In an embodiment of the present disclosure, the first task is first target data created on the data summarization end for use in the consumption message platform, the first target data is original data for performing data statistics, and the first target data may be data generated by the data generation end.
In an embodiment of the present disclosure, a storage format of the first target data in the message platform is in a key-value form, and the first target data includes a first data key and a first data value, the first data key is a primary key used when the data generation end writes data into the message platform, and the first data value is other data in a piece of data except the primary key.
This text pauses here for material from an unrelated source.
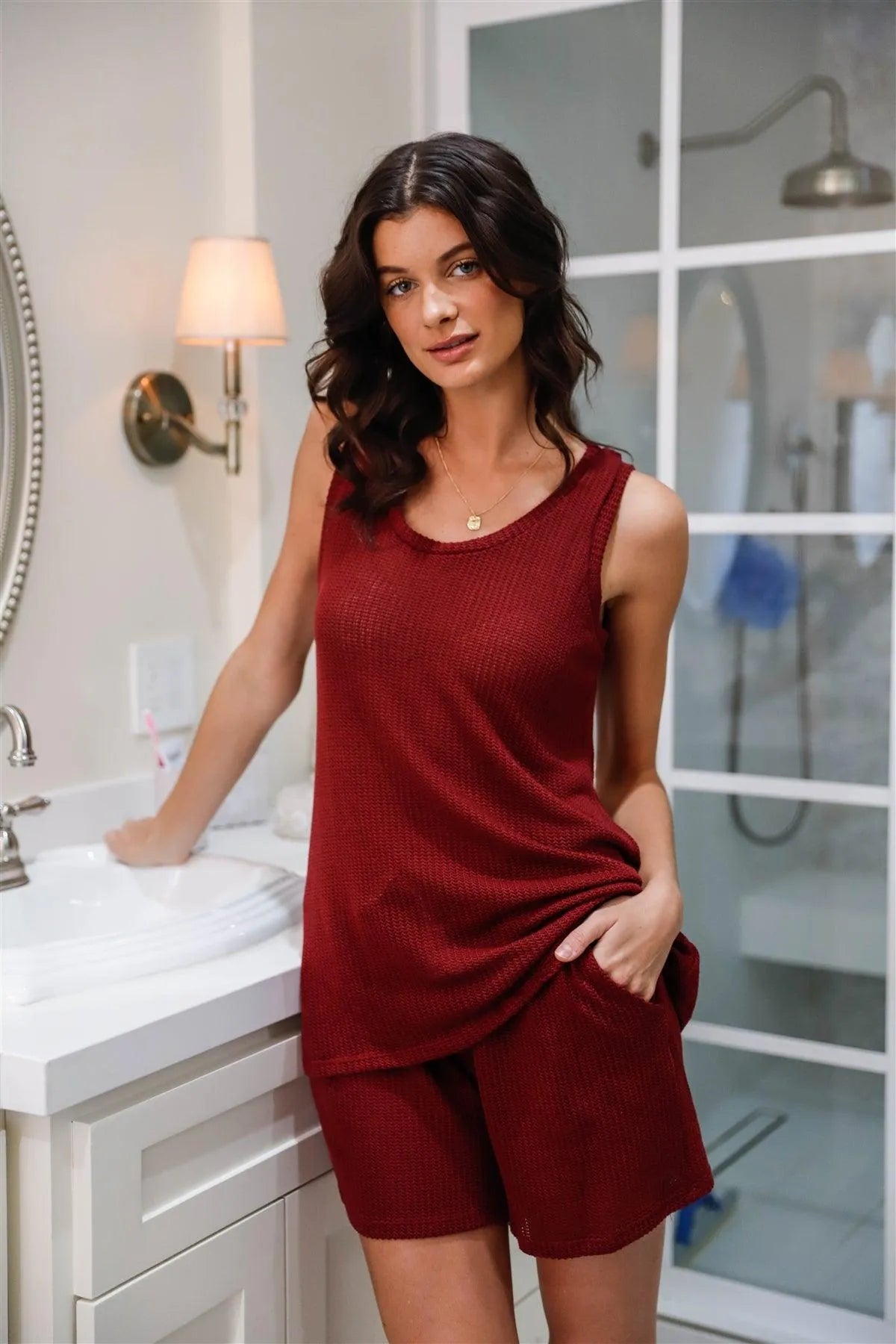 Burgundy Knit Tank Top & Shorts Loungewear Set

In an embodiment of the present disclosure, the first data key in the first target data is different from a primary key used by the data summarization end for data summarization, and the primary key refers to a dimension for data summarization. For example, the first target data is transaction data, the first data key is a transaction ID in the transaction data, and the primary key used by the data summarization end for data summarization is a merchant ID in the transaction data.
In an embodiment of the present disclosure, the second target data has the same data content as the first target data, and is also in a Key-value form, and the first target data and the second target data are different in that a Key in the first target data and a Key in the second target data are different dimensions, so that after the first target data is acquired, the second target data can be generated by changing a primary Key of the first target data. If the first target data comprises a first data key and a first data value, and the first data value comprises values of a plurality of dimensions, the second target data comprises a second data key and a second data value, and the second data value comprises values of a plurality of dimensions; wherein the second data key is different from the first data key, and the second data key is a dimension in the first data value and the first data key is a dimension in the second data value.
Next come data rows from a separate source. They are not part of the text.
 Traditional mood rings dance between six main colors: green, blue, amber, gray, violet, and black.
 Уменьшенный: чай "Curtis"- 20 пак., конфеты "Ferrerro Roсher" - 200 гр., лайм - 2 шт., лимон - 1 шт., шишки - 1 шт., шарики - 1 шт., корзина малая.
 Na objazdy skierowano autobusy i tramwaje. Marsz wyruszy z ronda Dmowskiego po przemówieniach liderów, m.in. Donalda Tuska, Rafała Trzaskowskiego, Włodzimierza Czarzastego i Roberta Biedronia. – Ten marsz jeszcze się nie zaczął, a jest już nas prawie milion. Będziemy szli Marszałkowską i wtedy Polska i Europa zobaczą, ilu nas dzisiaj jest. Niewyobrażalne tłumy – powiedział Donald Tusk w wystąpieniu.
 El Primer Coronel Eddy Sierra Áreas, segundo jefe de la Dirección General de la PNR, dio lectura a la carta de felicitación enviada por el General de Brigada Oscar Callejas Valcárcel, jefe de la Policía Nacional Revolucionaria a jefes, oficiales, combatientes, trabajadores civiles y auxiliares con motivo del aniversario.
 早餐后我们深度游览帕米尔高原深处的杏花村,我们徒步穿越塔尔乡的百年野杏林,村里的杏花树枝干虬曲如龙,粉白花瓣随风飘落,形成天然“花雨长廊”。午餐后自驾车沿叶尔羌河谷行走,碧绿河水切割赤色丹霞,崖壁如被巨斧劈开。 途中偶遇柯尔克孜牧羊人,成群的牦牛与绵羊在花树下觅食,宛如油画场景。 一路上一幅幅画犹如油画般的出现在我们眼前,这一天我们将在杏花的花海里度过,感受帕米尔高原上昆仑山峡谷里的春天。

The second data key may be predetermined, that is, the data summarization end may set a preset summarization dimension in advance, and then summarize data based on the preset summarization dimension. Therefore, when the second target data is generated, the data value corresponding to the preset summary dimension may be read from the first data value, and set as the second data key, and then the second target data may be obtained after the first data key and the data value corresponding to the other dimension in the first data value are taken as the second data value.
And the data summarization end rewrites the second target data into the message platform. In some embodiments, when writing the second target data to the message platform, the data summarization end uses a partition function of the message platform to write the data, so that the data identical to the second data key is written into the same partition. It will of course be appreciated that different data of the second data key may be written to different partitions or to the same partition.
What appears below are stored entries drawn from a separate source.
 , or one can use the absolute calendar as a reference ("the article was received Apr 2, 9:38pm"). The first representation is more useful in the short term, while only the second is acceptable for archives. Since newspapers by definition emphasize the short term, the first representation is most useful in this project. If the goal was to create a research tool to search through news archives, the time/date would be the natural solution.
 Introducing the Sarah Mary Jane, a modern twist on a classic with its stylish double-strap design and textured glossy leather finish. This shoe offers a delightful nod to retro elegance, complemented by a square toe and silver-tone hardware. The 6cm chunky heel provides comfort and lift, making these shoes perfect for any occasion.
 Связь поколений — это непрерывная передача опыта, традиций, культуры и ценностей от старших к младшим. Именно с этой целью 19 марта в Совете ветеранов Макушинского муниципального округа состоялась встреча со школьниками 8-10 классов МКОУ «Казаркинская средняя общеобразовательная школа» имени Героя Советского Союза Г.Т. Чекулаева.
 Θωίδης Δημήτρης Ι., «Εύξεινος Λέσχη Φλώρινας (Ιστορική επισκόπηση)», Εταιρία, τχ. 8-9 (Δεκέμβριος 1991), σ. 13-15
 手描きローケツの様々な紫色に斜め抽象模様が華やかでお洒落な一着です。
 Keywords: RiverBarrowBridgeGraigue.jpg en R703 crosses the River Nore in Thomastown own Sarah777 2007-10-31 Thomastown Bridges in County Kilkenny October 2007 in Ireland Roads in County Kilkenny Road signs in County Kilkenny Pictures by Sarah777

One or more second tasks can be started at the data summarization end and used for consuming second target data in each partition, one second task can be started for the same partition to consume data, and data summarization can be performed on the basis of second data keys for the second target data consumed by the second tasks. Because the second target data with the same second data key are in the same partition, the data competition between the second tasks can not occur.
According to the embodiment of the disclosure, in the process of summarizing data generated by a data production end in real time, the data summarizing end writes first target data of a message platform into the first task consumption data generation end, and generates second target data based on the first target data, wherein data keys of the first target data and the second target data are different, and the data key of the second target data is consistent with a preset summarizing dimension; and after the second target data are rewritten into the message platform, the data summarization end consumes the second target data from the message platform again by using the second task, and performs data summarization based on a second data key of the second target data. Because in the embodiment of the present disclosure, the data key of the second target data rewritten in the message platform is the preset aggregation dimension, so that the second target data with the same preset aggregation dimension can be written into the same partition, when data aggregation is performed based on the preset aggregation dimension, the same second task can be started for each partition to perform data consumption, and because the second target data corresponding to the same preset aggregation dimension is located in the same partition, the phenomenon of data competition does not occur, and the data aggregation efficiency can be improved.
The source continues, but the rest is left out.